When I was pregnant I wrote about how people assumed you should love their kid because you are pregnant. Wrong. It was such a weird phenomenon. Turns out, it just keeps on getting better….I mean worse.
I may be in the minority but just because I have a kid doesn’t mean I like kids. Or I should be more specific and say I don’t like all kids. I mean, I did coach gymnastics for years and worked in daycare for years but then kids kinda burned me out and so did their parents so that is why I’m in the insurance world now. Now my clients wear me out and act like children.
I digress. I’m not a person who likes to stick my kid on others. Also, my kids hates all people so that means I can’t really stick her on anyone to begin with. Having a kid people assume you will automatically be a second set of eyes for their kid. Especially in public. Hey, I’m going to just go over here and grab my towel, have a conversation with my friend by the pool but I’m sure you will let me know if my child is ready to fall into the water. I actually have my own kid to watch and this is mommy and me swim lessons, not social hour.
Just because I have a kid in my cart at the store doesn’t mean I will excuse your child when they won’t get out of my way. Is it cute when little Susie is skipping down the aisle at Target, singing a song, in her own world, not paying attention? Yes, because you are a good parent who apologizes and guides Susie to her own side of the aisle so we can pass. Is it cute when little Susie purposely won’t get the fuck out of my way and wants to play a game of chicken on purpose? Nope. Please, dear mother, don’t give me that look that says “kids will be kids.” No, instead tell your kid to show some respect and move their butt. I have a cranky kid ready for a nap, low on puffs and I’m trying to haul ass through Target.

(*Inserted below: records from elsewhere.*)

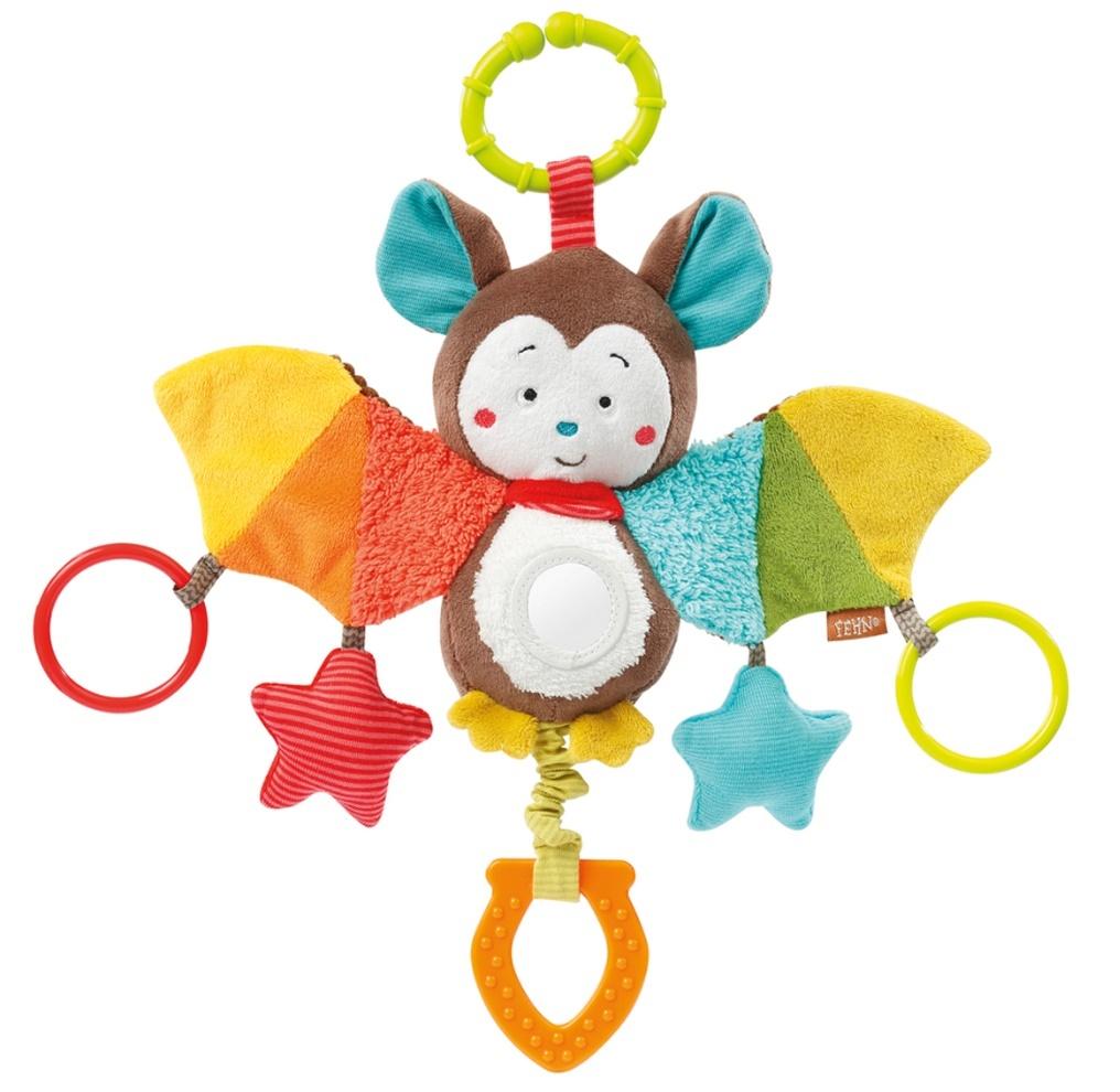Zawieszka, maskotka wibrująca Nietoperz, z kolekcji: Kumple z Dżungli. Magiczna zabawka interaktywna z kolekcji: Kumple z Dżungli. To prawdziwa uczta dla Twojego maluszka! Barwny Nietoperz, wyposażony w bezpieczne lusterko, czerwoną gwiazdkę, która po naciśnięciu wydaje delikatny dźwięk, oraz niebieską gwiazdkę, która grzechocze, na pewno zainteresuje Twojego maluszka. Jeśli pociągniecie za pomarańczowy gryzaczek, zabawka zacznie delikatnie wibrować, co jest szczególnie ciekawym elementem zabawki. Nietoperza, za pomocą praktycznego uchwytu w kształcie litery C, można zamontować w dowolnym miejscu. Różne wzory, kontrastujące kolory i zróżnicowane powierzchnie zachęcają do odkrywania, chwytania i ściskania,co rozwija zdolności poznawcze. W okrągłym bezpiecznym lusterku Twoje dziecko może się przeglądać, co wzbudza dodatkową ciekawość. Z zachowaniem wielkiej dbałości o szczegóły, Jeż oferuje wszystko, co sprawia, że dziecięce serduszka biją szybciej. Pomaga zrozumieć świat, w ciągu dnia i wieczorami przed snem. Wykonana jest z wielu, miłych w dotyku, materiałów. Rozwija logiczne myślenie, koncentrację, małą motorykę. Wzbudza ciekawość i stymuluje percepcję dziecka. Wibrujący Nietoperz z bezpiecznym lusterkiem, grzechotką i piszczałką wyzwala chęć zabawy. Do zawieszenia na łóżeczku, wózku, nosidełku itp. Można prać. Wszystkie zabawki niemieckiej marki FEHN są bezpieczne dla dzieci od 0 lat. Wykonane są z najlepszej jakości materiałów. Spełniają normy EN71, CE, badane w instytutach Stiftung Warentest lub kotest.
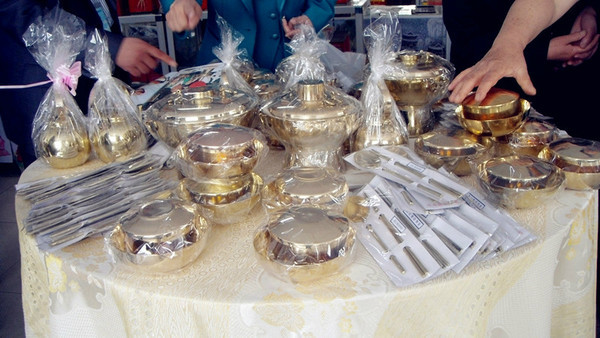 虽然朝鲜整体的生活水平不高,但在专对外国人开放的小卖部或者纪念品店,商品的价格并不低。朝鲜特色的纯铜筷子(一双)+勺子(一个),每套根据份量不同,有20元和25元人民币两种价格,一套铜碗260元人民币,40度的高丽人参酒100元人民币/瓶,一瓶朝鲜特色辣酱20元人民币,一件纪念T恤100元人民币。
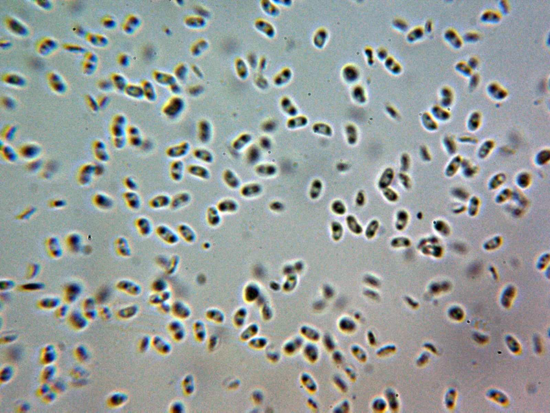 Y las mismas esporas en agua destilada:
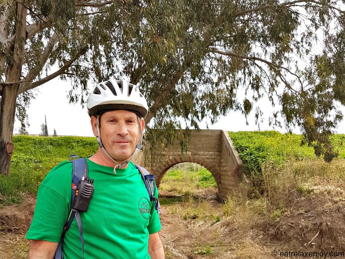במהלך הרכיבה על האופניים, שרובה בשטח מישורי, עצרנו לראות את אחד הגשרים העתיקים של הרכבת העותמנית. התורכים בנו רכבת להילחם בבריטים בסיני. מאוחר יותר המחתרות (שלנו) פוצצו את הקו. נשארו 4 גשרים מהרכבת. על גשר זה נלחמו שלא יהרסו אותו בבנית כביש 6, שמסלולו הוסט כמה עשרות מטרים וכך הגשר ניצל.
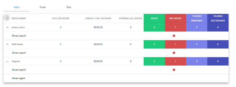 2. Select the relevant channel tab (Voice, Email, or Chat); atable displays the queue statistics for the selected channel:
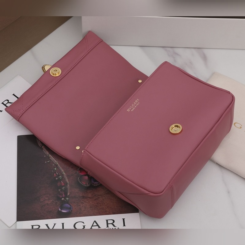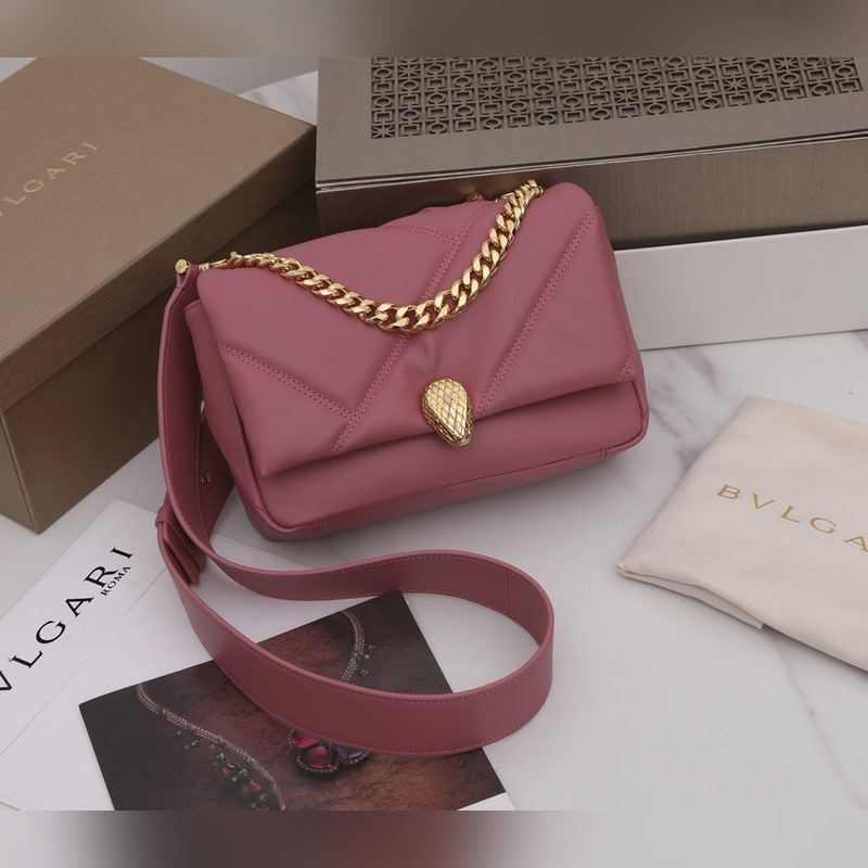 Med ett stort grafiskt mönster och djärva metalldetaljer är det svarta kalvskinnet på huvuddelen av denna väska ännu mjukare och slätare. Det ruteniumpläterade ormhuvudslåset i mörk mässing av SERPENTI, inspirerat av en Bvlgari vintageklocka från 1960-talet, är dekorerad med små svarta onyxfjäll i mitten och röda emaljögon, som visar en ny twist. Denna handväska är utrustad med en justerbar och avtagbar axelrem i läder, som kan användas som en handväska eller en clutch, för att uppnå mångsidiga funktioner, lämplig för dag och natt. Mellanstor, med ett förvaringsfack, en intern ficka med dragkedja och en invändig öppen ficka. Namnskylt av metall på insidan graverad med märkeslogotypen Bvlgari.
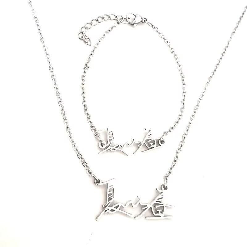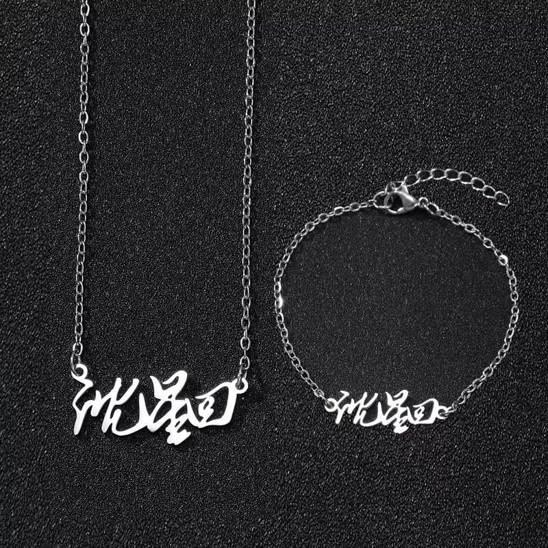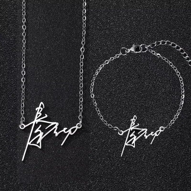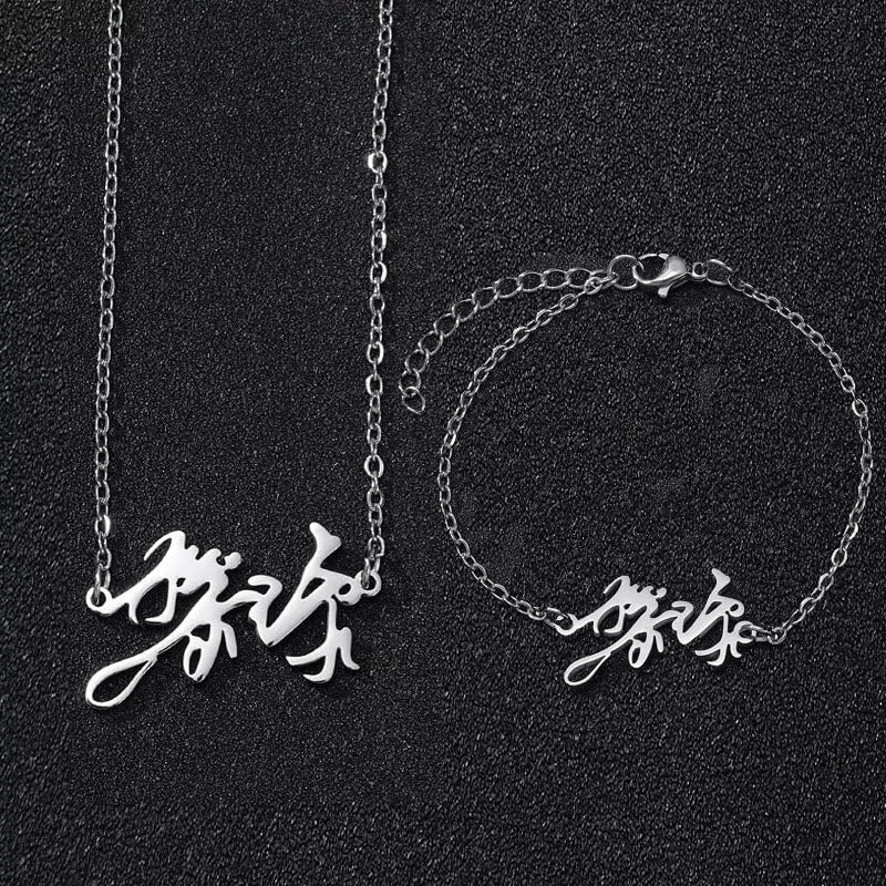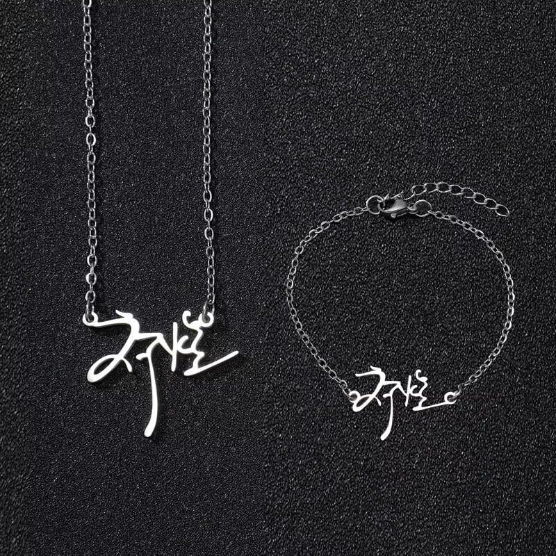 Love Deepspace Name Necklace & Bracelet Set - Titanium Steel English Chinese Letters Sylus Zayne Xavier Rafayel Caleb Charms - Anime Game Fan Gift
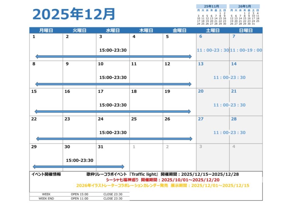 12月の営業日は変則的となっておりますので、ご来店の際は営業日時をご確認していただきますようお願いいたします。
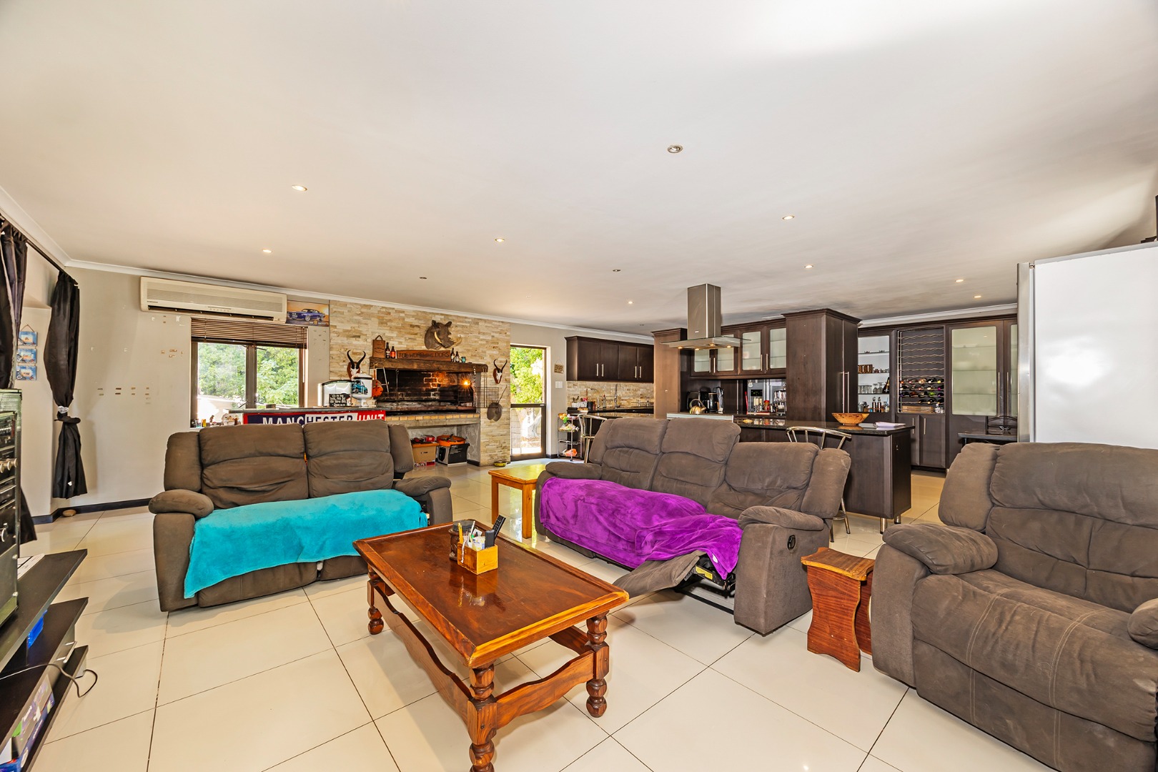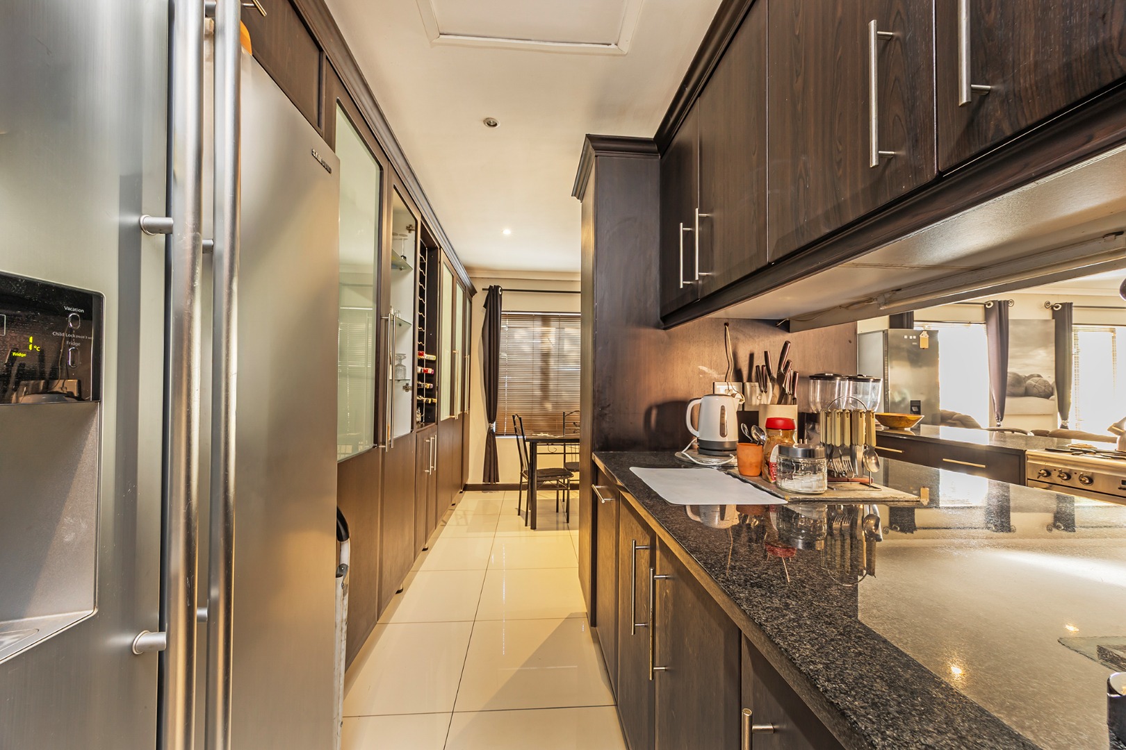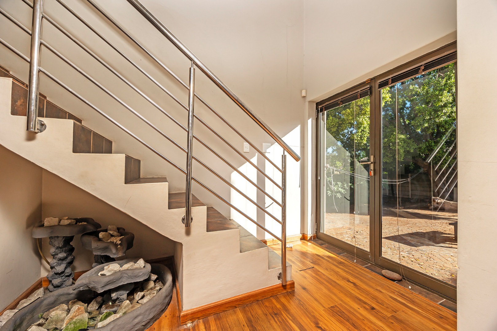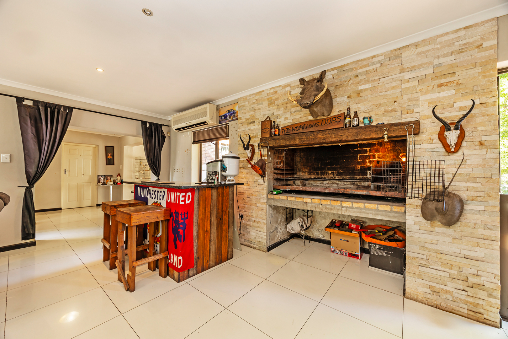 A generous entrance hall sets the tone for what is to come: wide-open rooms, superb flow and living spaces designed for both relaxation and entertaining. To the right of the entrance, a truly remarkable entertainment room awaits — complete with a built-in braai, bar area and enough floor space to host large gatherings with ease. This room opens directly to the private back garden, where mature trees create a shaded, tranquil setting ideal for outdoor living. There is ample room to install a swimming pool or to design a fully landscaped entertainment area to your taste.

Before we had kids my friends were not in the habit of bringing their children to my home. They would normally ask if it was a kid friendly event that I was having before they brought them. That was cool and for our larger parties I have always announced that kids were not welcome or were welcomed. I’m rude that way but it seriously depended on the tone of the party. Since having a baby around people assume it is always okay to bring their children. They also assume it is a free for all for their kids to go in and destroy play with all of my child’s toys. Nothing has changed since our baby arrived. I still don’t like some of their children and still don’t want them in my house. They carry germs, disease, eat all my food, (and then bitch about my food) and tear the crap out of my house. Also, my kid lives here so she is naturally going to be around for wine night. I have no choice in that. I have a choice in your child being here. The answer is no.
This is repetitive from my initial pregnant post but there is always the over share person. The person who you sit next to at the doctor’s office, work or the random acquaintance that you run into at the grocery store. They see your kid and think it is fine to start pulling out pictures of their own kids/grandkids/niece/nephew/twice removed dog and start telling story after story about them. Let me just say, I’m not a total hater, I don’t mind swapping war stories with another mother but you know who I’m talking about. The people who don’t know when to stop, what is appropriate and THEN, with that story, they somehow sneak in a way of how you are probably parenting wrong.
Having a kid at your hip, like being pregnant, opens up a world of crap that people assume about you. They bust in on your bubble and assume an open book. Hey, we might all be in the same boat called parenting but it doesn’t mean I want to be that close to your kid. Hell, I don’t even like my own kid some days.
So much YES to this post. I couldn’t agree more. I am actually so incredibly glad that we a) live in a town that has a highway between it and the city that nobody seems to have any interest in driving to come and see us and b) not many of our friends have kids. and those that do have kids are the ones mentioned above. so it’s a bit of win/win for us. If we get invited to things we just automatically find a family member to babysit H and have an evening or event baby-free. We know that not everyone wants to hang out with H, and we also know that we love having that adult time too. plus, most events are usually in the evening and start right when H is supposed to go to bed. So why bring a cranky tired baby around to destroy the place? I have friends who offer to take care of other friend’s kids during the day if need be and I just sit back and go “why??” lol. I have no interest in taking care of someone else’s kid. Mine already exhausts me enough and he’s well behaved!! Of course, if it was a desperate situation I would agree to do it, but if I can avoid it, I most certainly will. I love my kid (some days I despise him lol) but that doesn’t mean that I am a huge kid lover!!
All my friends had kids well before me so I don’ think that helps. Big kids coming into the house feel like giants compared to Cora. And YES to the whole kid should be in bed in the evening thing. I sure don’t want to take her somewhere at that time if I don’t have to. Sounds miserable.